I think it's hard when you have children also to just walk away, depending on how your husband reacted to how you fond out if he was remorseful about what he did 7 years ago and you love him then I think you both should consider going to marriage counseling to see if things can get better if the marriage counseling doesn't work after about six months then I would reconsider a trial separation and see if you can handle being on your own and possible divorce for the sake of the children you should try every avenue before making such a major decision like divorce. It's hard to get over being hurt that badly when you think that your marriage is okay it turns out that your husband had an affair and produced a child from that indiscretion, you're probably feeling shocked, angery and indescribable pain, you don't know where to turn or how to cut through the confusion and anger to repair the damage. Just because he had an affair doesn't mean your marriage has to be over, if you truly want the marriage to work. You have to beginning to heal and part of that healing is being able to let go, you may want to find out the where, when and why. None of this is going to help your healing. All it does is push you back down to a place that is very hard and painful for you. The truth is, all you really need to understand is why the affair happened, how you can use it to improve your marriage, and how you can keep it from happening again.

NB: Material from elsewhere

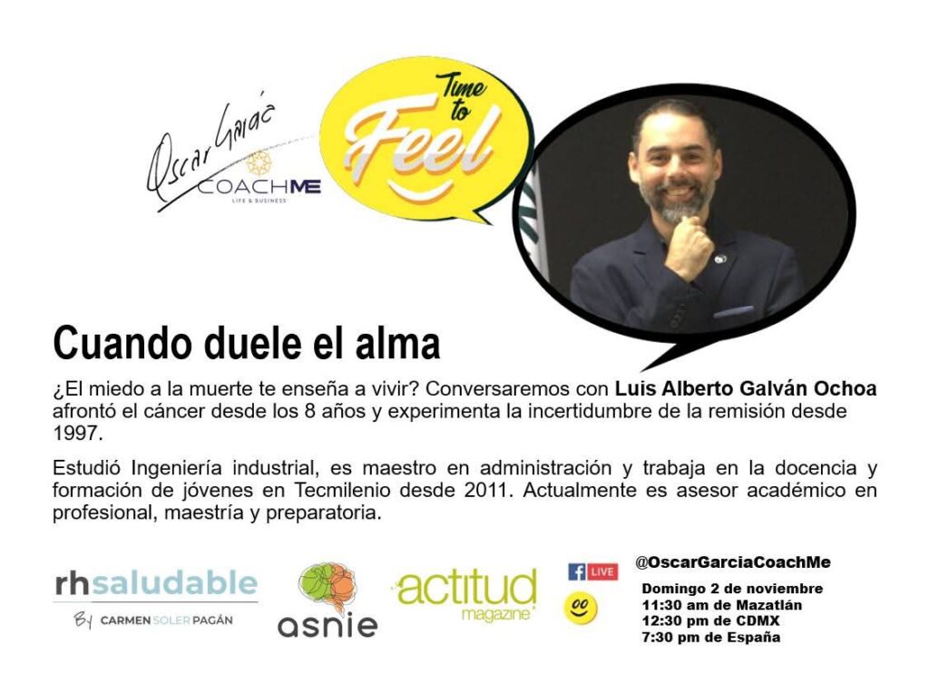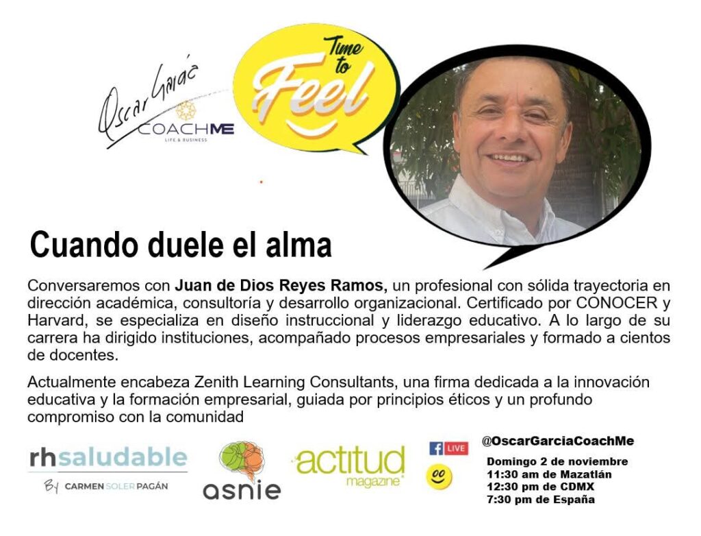 Después de una pausa, Time to Feel vuelve el día de hoy con un episodio que nos invita a mirar de frente lo invisible, “Cuando duele el alma”. ¿Qué pasa cuando el cuerpo resiste, pero el alma se quiebra? ¿Qué nos enseñan el miedo, la perdida y la incertidumbre? En esta entrega, dos voces profundamente humanas, Luis Alberto Galván Ochoa y Juan de Dios Reyes Ramos, comparten sus caminos de transformación con una honestidad que conmueve y reconcilia. Guiados por el Coach Oscar García, este episodio nos recuerda que hablar del alma también es sanar, y que el dolor, cuando se nombra, puede convertirse en fuerza. Una conversación intima, luminosa y necesaria que nos invita a reconectar con lo esencial. Porque sentir también es un acto de valentía. ¡No te lo pierdas! 11:30 am de Mazatlán, 12:30 pm de CDMX, 7:30 pm de España.

Give Yourself Enough Time To Grieve. There's no question that when you first learned about the affair, you were devastated. You begin to question yourself, your desirability, and how you could be so naive. These feelings are horrible to go through day after day, so try to move past them as quickly as you can but if you want to move on examine your feelings and your marriage. Don't feel compelled to "get over it" under the pressure of your husband or children do it on your time and when you are ready to move on. These things take time and healing will actually come quicker if you give yourself permission to process the situation for as long as it takes.
The most important questions that you should be asking your husband is "will you show and convince me that this will never happen again?" and "why did this happen in the first place so we can fix the problem?" He has to gain your trust back and that will take time are you willing to give the marriages some time? You both need to understand why it happened and fix any problems that contributed to it and a marriage counselor can help you to do that and better communicate to each other how you are feeling about what happened. The botXXXXX XXXXXne is that getting over an affair to save the marriage requires that everyone has been heard, understood, and that all needs will be met going forward so that there is no fear that it will happen again and you both need to focus on recreating positive feelings so that the affair isn't always a following, dark, cloud hanging over the marriage.